> **Task goal**
Give the listing again in full and exactly, apart from its pictures.

> **Dataset content**
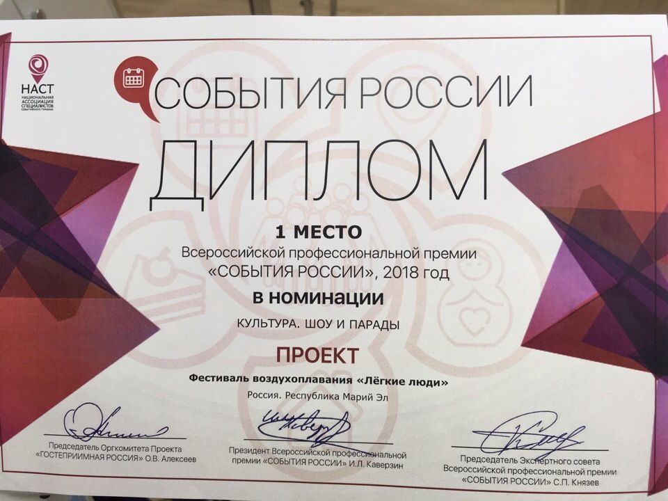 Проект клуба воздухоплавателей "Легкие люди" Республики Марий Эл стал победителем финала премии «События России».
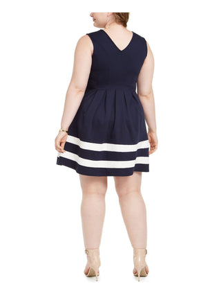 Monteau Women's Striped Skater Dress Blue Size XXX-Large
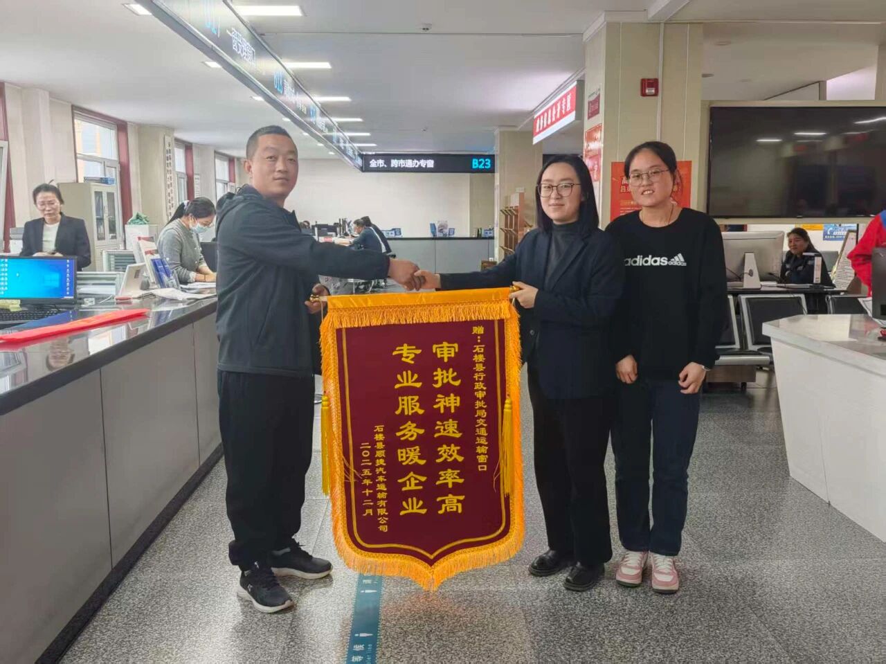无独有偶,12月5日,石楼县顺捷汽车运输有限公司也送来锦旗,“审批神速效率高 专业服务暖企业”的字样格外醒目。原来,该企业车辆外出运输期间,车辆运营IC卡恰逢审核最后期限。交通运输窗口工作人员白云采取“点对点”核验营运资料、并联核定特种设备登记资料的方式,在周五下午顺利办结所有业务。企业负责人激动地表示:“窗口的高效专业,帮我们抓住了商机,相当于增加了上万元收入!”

> **Solution for this exercise**
 Проект клуба воздухоплавателей "Легкие люди" Республики Марий Эл стал победителем финала премии «События России».
 Monteau Women's Striped Skater Dress Blue Size XXX-Large
无独有偶,12月5日,石楼县顺捷汽车运输有限公司也送来锦旗,“审批神速效率高 专业服务暖企业”的字样格外醒目。原来,该企业车辆外出运输期间,车辆运营IC卡恰逢审核最后期限。交通运输窗口工作人员白云采取“点对点”核验营运资料、并联核定特种设备登记资料的方式,在周五下午顺利办结所有业务。企业负责人激动地表示:“窗口的高效专业,帮我们抓住了商机,相当于增加了上万元收入!”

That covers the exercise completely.